“You’re hungry?”
“I’m so hungry,” said Nona.
The pencil didn’t move. Nona realised Camilla must have been waiting for her, must have been disappointed, so she added in tones of slight injury: “I probably would have remembered more, except then a wet cloth falls on my face and I go ‘Ahhh’ so loudly that the militia person above us stomps, so Pyrrha’s probably going to get another rude letter about us, so really I think the wet cloth on my face isn’t a good idea and can you change the alarm?”
“Well, you didn’t wake up,” said Camilla. “Anything else? Anything else at all?”
“Nothing.”
The record button got pushed down with its big bright clack. Nona, still rubbing her face where the sponge had hit it, panicked herself out of her clothes. Her arms and legs seemed even more unwilling to move in the same direction than normal, which meant she probably didn’t even look like a worm with problems but more like a spider who was about to go terminal. She didn’t like the T-shirt waiting for her, even though she had been the one to lay it out. It depicted a cheeseburger with little legs. The tinies liked it, but today she found it juvenile and unprofessional, not the kind of thing for a Teacher’s Aide at all. Camilla shone the little light at the end of the clipboard on her so that she could do up the button on her trousers and then the cinch, and Nona spent some time mopping her wet fringe.
“Sorry I gave you a fright,” said Camilla. “With the sponge. I didn’t mean to.”

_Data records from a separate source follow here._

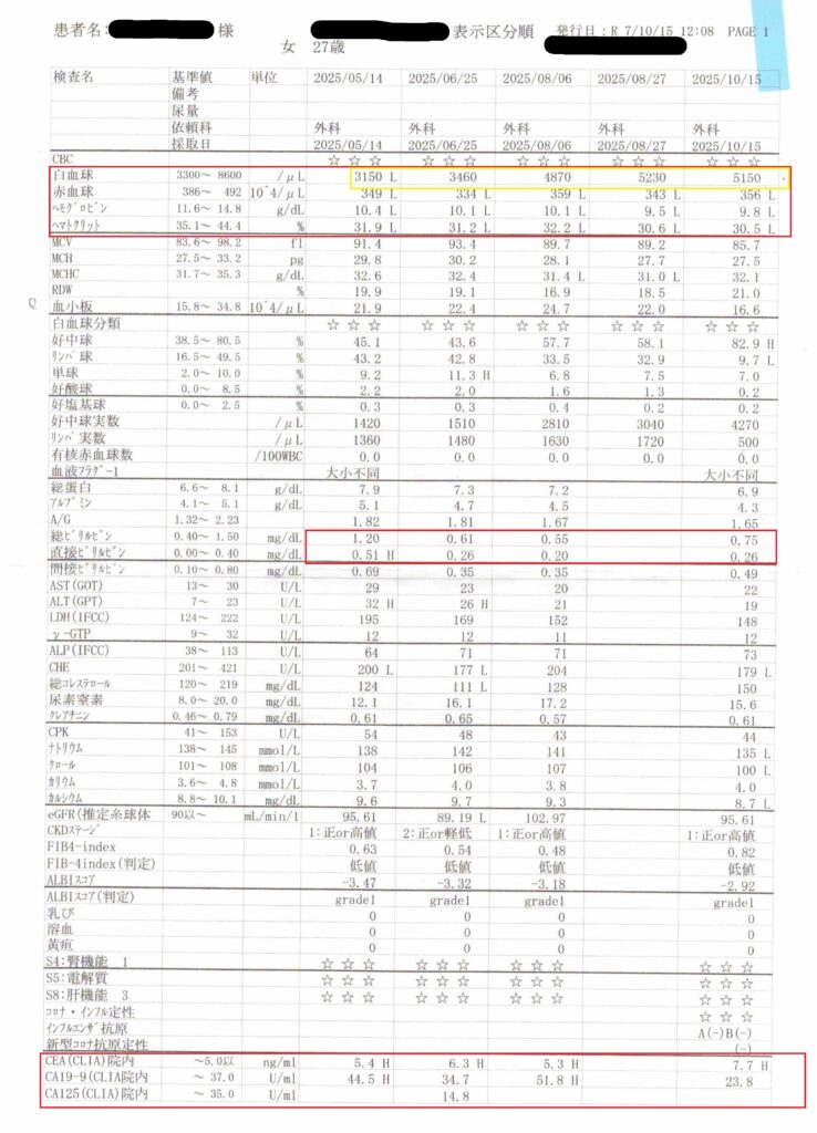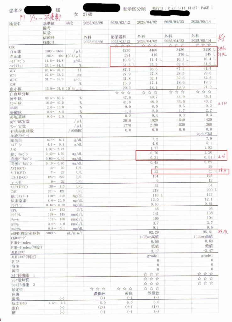 この血液検査の内容、通院していく中での、血液検査結果の変化の度合いなども鑑みて、
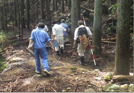 ノ谷通常砂防事業にかかる用地測量業務」の様子を、業務の流れに沿ってご紹介
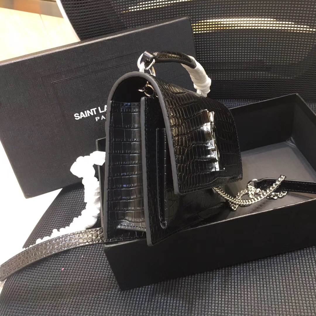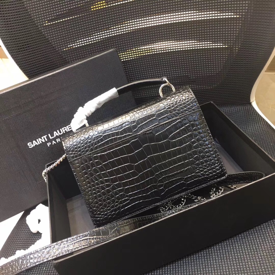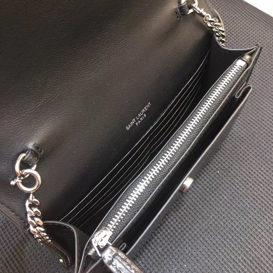A slick sidekick for days spent in the city, Saint Laurent's Sunset chain wallet offers a compact silhouette in croc-embossed leather. Styled with a monogram-embellished flap front concealing a gusseted pocket, the well-organised interior keeps cards, phones and other essentials safely housed. Complemented with polished gold-tone hardware, a chain shoulder strap slings it chicly across the body.
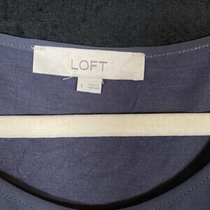 Loft Women Blouse Purple Gray Cold Shoulder Crew Neck Tie Bell Sleeve Large
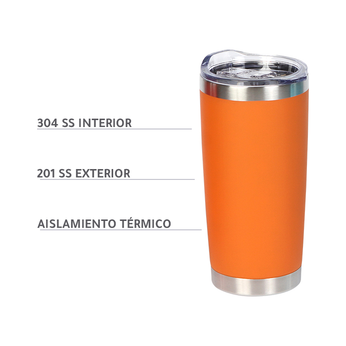 Vaso Queens. - Termo de acero inoxidable doble pared con tapa deslizable de plástico transparente, fabricado en materiales de grado alimenticio, mantiene bebidas frías o calientes por un largo tiempo, no usar en microondas, capacidad de 590 ml (20 oz). Incluye caja de cartón individual.
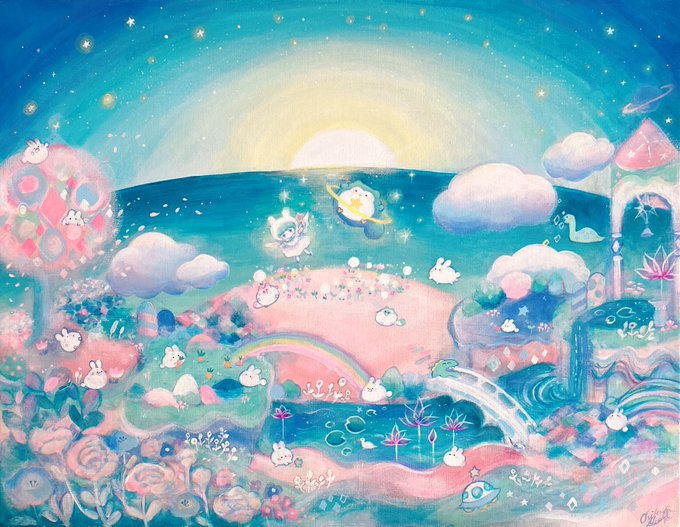 #3月になったのでフォロワーさんに自己紹介しようぜ 幻想的なアクリル画を描いています🪐
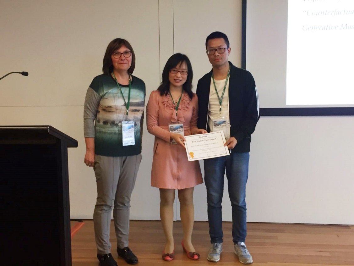 Prof Tanja Mitrovic为朱福进博士(右)颁奖 日前,“第31届澳大拉西亚人工智能联合会议(Australas...
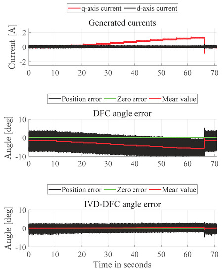 Current steps with increasing amplitude are generated on the q-axis of the motor when the external servo-motor drives the PMSM at 300 RPM. The electrical angle error of the DFC algorithm is compared with the IVD-DFC one.
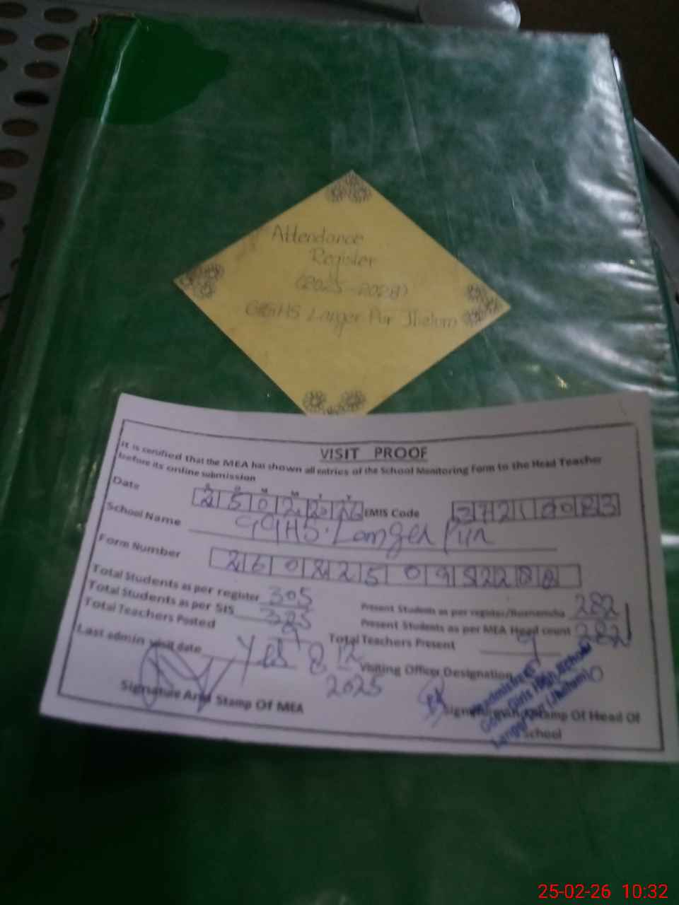 | Attendance Register | Head Teacher | MEA with School | Visit Proof |
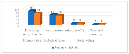The values of hunting are presented, comparatively, in Figure 5. Regarding what they would like to disappear from the world of hunting, the hierarchy of the answers is the same for Romanian and Spanish sampling: 61% for Romania, respectively, 64% for Spain opted for poor hunting and administrative management followed by hunters without ethics (25% for Romania and 19% for Spain), 8% for Romania and 11% for Spain opted for mischievous hunting, about 5% for improper weapons, only 1% for Romania and zero opted for trophy collectors.
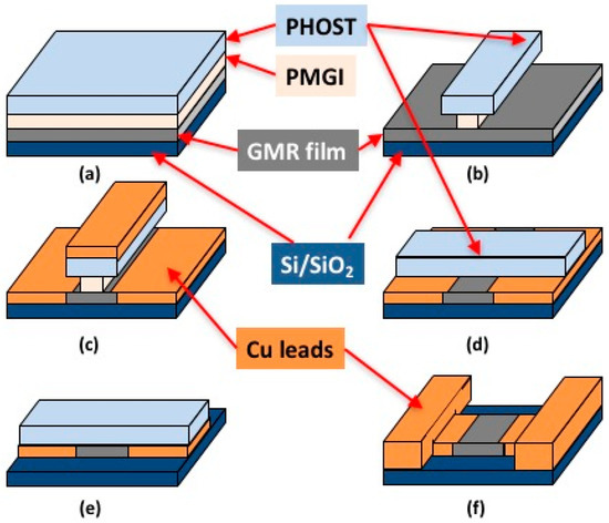 The GMR spin-valve stack was patterned using a combination of optical and e-beam lithography (EBL). Self-aligning processes were employed. The fabrication sequence is illustrated in Figure 3 and described below. First, a 150 nm polymethylglutarimide (PMGI) (MicroChem, Westborough, MA, USA) layer [33] was spin-coated onto the GMR film followed by a one minute UV-ozone treatment to reduce surface hydrophobicity and promote the adhesion of a 500 nm polyhydroxystyrene (PHOST) (Sigma-Aldrich, St. Louis, MO, USA) that was spin-coated next. E-beam lithography (JEOL JBX-5500FS) was used to write 1 μm × 400 nm lines into the PHOST resist [34,35] at a dose of 8500 μC/cm2, where 400 nm defines the length of the sensor (distance between the current leads) and is aligned with the hard magnetization axis in the multilayer (see above). The PMGI/PHOST bilayer system was then developed in propylene glycol monomethyl ether acetate (PGMEA) (Sigma-Aldrich) for 30 s, followed by a 0.88% tetramethylammonium hydroxide (TMAH) (Shipley MF-319) treatment for 50 s to generate an undercut in the PMGI to facilitate lift-off in the later step of forming Cu leads. Wafers were then ion milled under Ar at 500 V, 34 mA for 80 s to remove the unmasked GMR layers. A 70 nm Cu layer was deposited next by magnetron sputtering followed by lift-off in 3% TMAH.
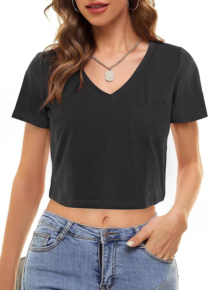 Cropped v neck shirt clearance

All Nona’s resentment melted away.
“No, I’m sorry I didn’t get up,” she said, contrite. “If you drop a sponge on me tomorrow I promise I won’t scream about it.”
“I won’t do the sponge again. Failed experiment.”

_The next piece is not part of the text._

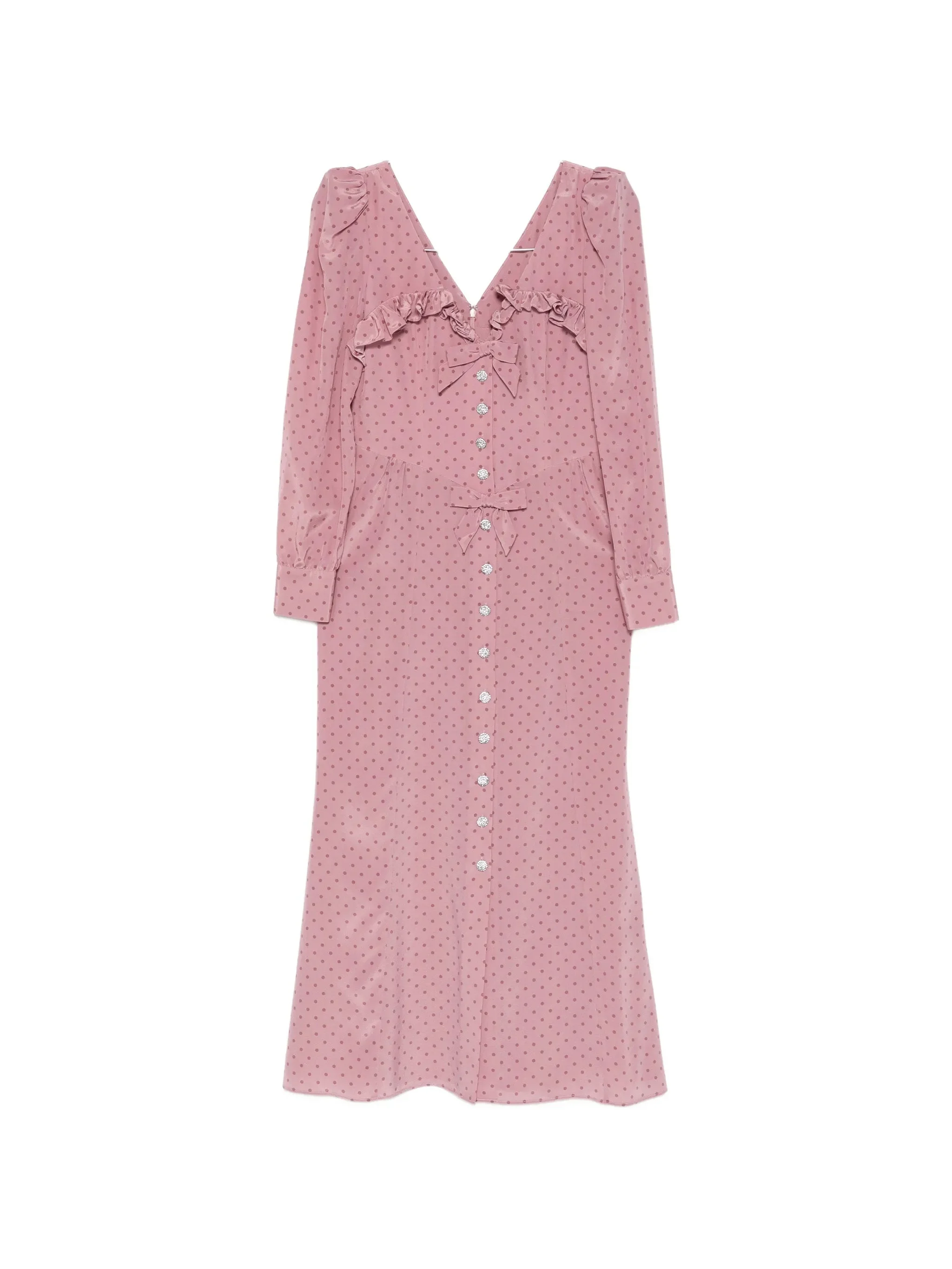 pink polka dot print V-neck bow detail embellished buttons ruffled trim - Color: PINK - Made in: Italy - Designer Style ID: FABX4314 F4686 1941 Composition and care Outer Composition Silk: 100.0%, Lining Composition Polyamide: 100.0%, Outer Composition Polyester: 100.0%, Lining Composition Polyester: 100.0%, Outer Composition Metal: 100.0%, Outer Composition Glass: 100.0%

The pencil worked away at the paper. Nona patted her hair down to make sure that the braids were still tight, that nothing was coming out, and when she stood up and peered at herself in the mirror comforted herself on that part: her hair still looked great, at least. There were dark circles under her eyes, and she rubbed them with her thumbs.

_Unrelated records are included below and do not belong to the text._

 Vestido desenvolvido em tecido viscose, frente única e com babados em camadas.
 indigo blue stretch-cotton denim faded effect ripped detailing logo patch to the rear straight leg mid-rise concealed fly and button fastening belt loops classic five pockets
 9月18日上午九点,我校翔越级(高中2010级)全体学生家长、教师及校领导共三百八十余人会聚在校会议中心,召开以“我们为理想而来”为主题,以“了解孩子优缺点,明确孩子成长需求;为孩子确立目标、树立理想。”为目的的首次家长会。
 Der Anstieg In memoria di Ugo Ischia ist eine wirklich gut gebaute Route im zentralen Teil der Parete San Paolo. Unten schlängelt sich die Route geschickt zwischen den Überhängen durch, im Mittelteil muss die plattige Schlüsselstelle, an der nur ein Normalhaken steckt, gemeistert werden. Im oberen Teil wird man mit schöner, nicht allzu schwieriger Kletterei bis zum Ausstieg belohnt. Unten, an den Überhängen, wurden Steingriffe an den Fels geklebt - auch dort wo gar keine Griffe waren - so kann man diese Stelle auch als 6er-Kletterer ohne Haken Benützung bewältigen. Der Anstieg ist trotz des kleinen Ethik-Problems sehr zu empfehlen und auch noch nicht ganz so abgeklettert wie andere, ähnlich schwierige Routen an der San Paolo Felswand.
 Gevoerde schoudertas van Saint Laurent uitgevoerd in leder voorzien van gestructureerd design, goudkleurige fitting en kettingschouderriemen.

“Nona, when you’re looking at your hands…”
That startled her. Camilla rarely asked anything after Nona had recited her dream.
“Yes?”
“Who do they feel like they belong to? Do you like them?”
Nona chortled. “Not one bit.” Nona hated having hands.
But Camilla didn’t ask for any reason why; she just squinted a little as though she was trying to figure out what she could make for dinner out of a limited number of ingredients, and said, “Sure. Thank you.”
“Was that a clue? Are we any closer? Do you know who I am yet?”
“No.”
“That’s okay. I love you. Tell Palamedes I love him too, don’t forget,” said Nona, and, very pleased with herself, went off to brush her teeth and eat her breakfast without even being told; that session had been nice and short.
She was so early that Pyrrha hadn’t even started cooking breakfast yet; or maybe Pyrrha wasn’t going to cook at all because she hadn’t got out the little beaker to fill up the heat ring, and she was getting out a big covered dish from the refrigerator.
Pyrrha emerged from the fridge and said, “Cold mush all right? I covered it with fruit juice last night. Threw a handful of dried sultanas in there too, so go hunting.”
“Better than eggs,” decided Nona. “How was work?”
“Excellent. Two of my guys got in a fight because someone said the fighting at Prithibi had been tougher than the fighting at Antioch. Had to peel them off each other. Ear-biting stuff. Here—take some water, it’s going to be a scorcher today.”
Nona took the water from Pyrrha’s brown, work-chapped hand and even sipped it. It was blisteringly cold.
“Silly thing to fight about.”
“Absolutely, but there’ll be more of that before the end,” said Pyrrha. “They would have just yelled at each other three months ago. Now they’d happily kill each other over who spilt whose beer. There’s more dead bodies in the streets now then there were at the first barracks massacre. You see them lying around, dead, not of exposure either … just dead. Creeps me out. How is it at school?”
“None of my friends want to kill each other,” said Nona. Then she amended: “I mean, they say it all the time, but they don’t really. None of the little kids have bit each other in weeks, and when they argue too much Hot Sauce says, Quiet, and they’re quiet.”